While slidarise() is easy to make, it feels limited to me. Almost like a shortcut for data %>% slide_by() %>% summarise().
For instance, a common use of rolling windows is to compare the raw data with a rolling mean.
library(tsibble)
library(dplyr)
library(ggplot2)
tsibbledata::gafa_stock %>%
group_by(Symbol) %>%
mutate(Close_MA = slide_dbl(Close, mean, .size = 7, .align = "c"))

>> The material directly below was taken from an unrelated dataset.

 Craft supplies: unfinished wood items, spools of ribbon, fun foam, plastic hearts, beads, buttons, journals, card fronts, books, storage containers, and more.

#> # A tsibble: 5,032 x 9 [!]
#> # Key: Symbol [4]
#> # Groups: Symbol [4]
#> Symbol Date Open High Low Close Adj_Close Volume Close_MA
#> <chr> <date> <dbl> <dbl> <dbl> <dbl> <dbl> <dbl> <dbl>
#> 1 AAPL 2014-01-02 79.4 79.6 78.9 79.0 67.0 58671200 NA
#> 2 AAPL 2014-01-03 79.0 79.1 77.2 77.3 65.5 98116900 NA
#> 3 AAPL 2014-01-06 76.8 78.1 76.2 77.7 65.9 103152700 NA
#> 4 AAPL 2014-01-07 77.8 78.0 76.8 77.1 65.4 79302300 77.4
#> 5 AAPL 2014-01-08 77.0 77.9 77.0 77.6 65.8 64632400 77.0
#> 6 AAPL 2014-01-09 78.1 78.1 76.5 76.6 65.0 69787200 77.1
#> 7 AAPL 2014-01-10 77.1 77.3 75.9 76.1 64.5 76244000 77.4
#> 8 AAPL 2014-01-13 75.7 77.5 75.7 76.5 64.9 94623200 77.7
#> 9 AAPL 2014-01-14 76.9 78.1 76.8 78.1 66.1 83140400 77.6
#> 10 AAPL 2014-01-15 79.1 80.0 78.8 79.6 67.5 97909700 77.9
#> # … with 5,022 more rows

The theoretical equivalent with roll_by would be
library(tsibble)
library(dplyr)
library(ggplot2)
tsibbledata::gafa_stock %>%
group_by(Symbol) %>%
slide_by(.size = 7, .align = "c") %>%
mutate(Close_MA = mean(Close))
Any differences in dimension are padded according to .fill = NA. Of course things like .align are up for improvement (as done in slurrr). If using summarise() then the dimension would be reduced to the number of rolling windows.